4.3 PLANO DIRETOR: UM MODELO DE DESENVOLVIMENTO RURAL EM

O segundo componente do ProSavana é o Plano Diretor, que, de acordo com os objetivos formalmente expressos, consiste na elaboração de um instrumento de planejamento territorial, com vistas ao desenvolvimento agrícola do Corredor de Nacala, a partir de zoneamentos econômicos e do conceito de conglomerados agrícolas. Em sua origem, tinha como instituições executoras o MINAG representando Moçambique; pelo lado do Japão, a JICA e um consórcio de empresas japonesas de consultoria (Oriental Consultants, NTC International e TaskCo.); e, pelo lado do Brasil, o FGV Agro. O FGV Agro formaliza sua participação no ProSavana a partir de um acordo de cooperação de dois anos com a ABC, que teve início em 2012, com o objetivo de “elaboração de um plano diretor para o desenvolvimento da agricultura que contribua para o desenvolvimento econômico e social através da promoção de investimentos em sistemas produtivos sustentáveis e da redução da pobreza no Corredor de Nacala”. Entre os componentes do ProSavana, o PD é o principal alvo de negociações e disputas entre os vários atores, pois é principalmente nesse instrumento de planejamento que se expressam as visões de desenvolvimento rural para o Corredor de Nacala. É sobre o conteúdo do PD que acontecem as tentativas de diálogo. Não por acaso, até o final de 2015, ainda não havia se chegado a uma versão de consenso entre os atores.

Na perspectiva do governo moçambicano, o PD é um instrumento que se desdobra a partir do PEDSA, que tem como parte de suas estratégias o desenvolvimento de cadeias de valor para os produtos agrários com base em seis corredores, entre eles o Corredor de Nacala. O PD é descrito por gestores do MINAG como uma peça técnica, que detalha o PEDSA no território do Corredor de Nacala e que conta com a consultoria de brasileiros e japoneses, pela experiência acumulada por ambos os países. Defendem, porém, que o protagonismo político na elaboração do plano é do governo moçambicano. Na visão de um dos entrevistados do MINAG, consultores brasileiros e japoneses estariam exercendo um papel estritamente técnico, já que foram os consultores japoneses, sediados em Nampula, que elaboraram as primeiras versões do PD, em diálogo constante com os consultores brasileiros, que vinham a Moçambique apenas em missões esporádicas. As entrevistas revelam que não houve participação nem da Embrapa, nem do IIAM, na elaboração desse instrumento. Pelo lado do Brasil, apenas o FGV Agro participou do processo.

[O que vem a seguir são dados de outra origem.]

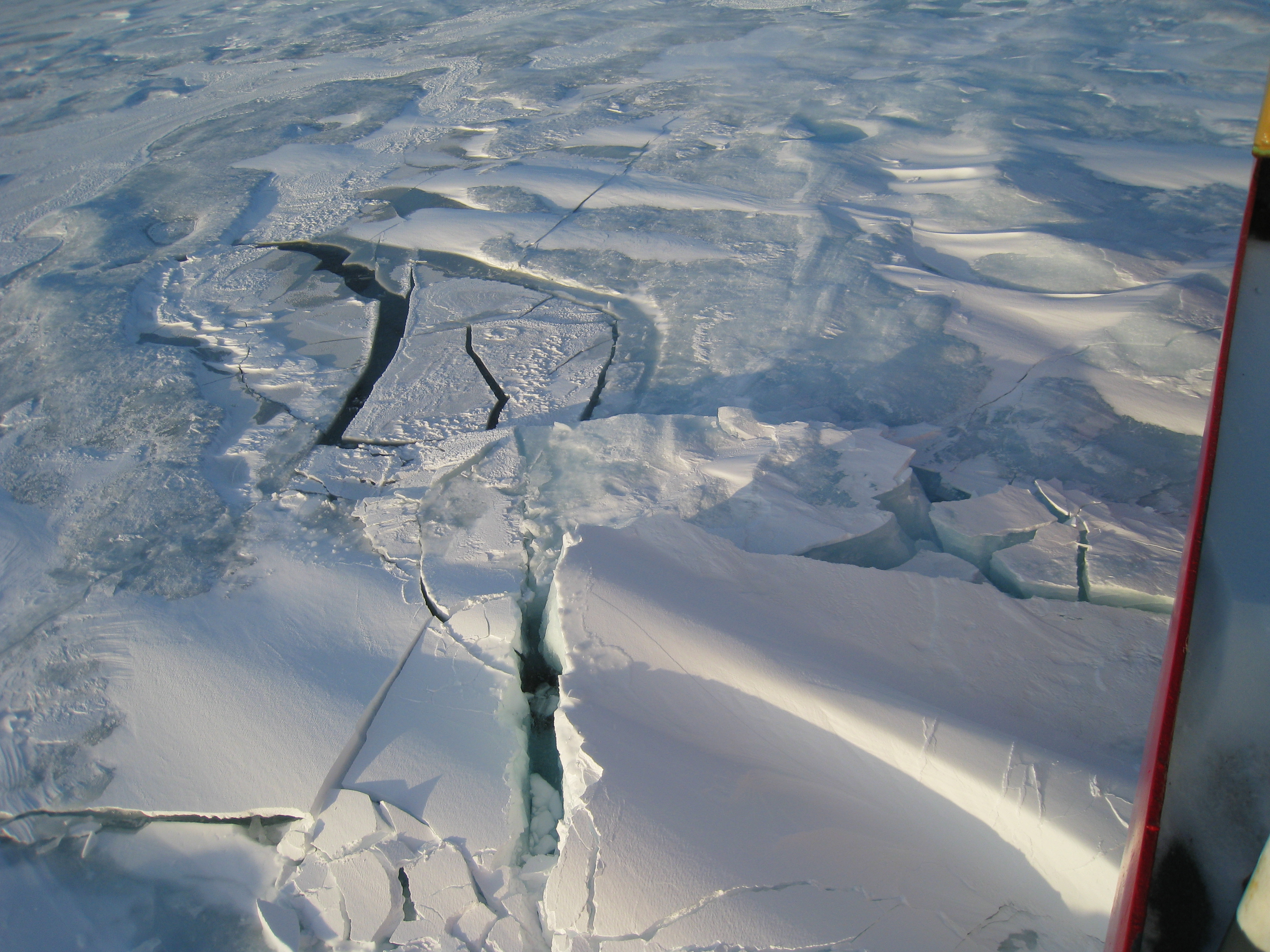 The Polar Sea cuts right though the thick sea ice. The blue color means it is multiyear ice (ice that has survived at least two summers). Aboard the USCGC Polar Sea icebreaker in the Beaufort Sea.

Em meados de 2013, foi vazada uma versão preliminar do PD, que se tornou imediatamente alvo de críticas por parte do movimento de resistência ao ProSavana. As visões expressas em cartas tornadas públicas logo após o vazamento consideram essa versão “um plano de negócios, voltado para a aquisição de terras e o controle da agricultura em Moçambique por parte das grandes empresas” (UNAC, 2013). Os movimentos sociais avaliaram que o PD não considerava as características da população e produção local, desconhecendo suas necessidades, histórias, conhecimentos e aspirações futuras. Analisaram essa versão preliminar como um instrumento que pretendia promover a transição dos agricultores de seu modo de produção tradicional, baseado na agricultura itinerante e em técnicas tradicionais de gestão de terras, para a adoção de técnicas de cultivo intensivo à base de sementes comerciais, produtos químicos e títulos de propriedade privada. Algumas formas de incentivo a essa transição propostas na versão vazada do PD eram a criação de grupos demonstrativos de agricultores principais, com o objetivo de mostrar as vantagens da agricultura intensiva; a criação de um sistema de subsídios para a compra de fertilizantes químicos; e a emissão de títulos de DUAT para os agricultores que se propusessem a se integrar a essas estratégias de tecnificação. Na visão crítica da sociedade civil, essa é uma estratégia para empurrar os agricultores para um regime de produção por contrato com empresas agrícolas e de processamento.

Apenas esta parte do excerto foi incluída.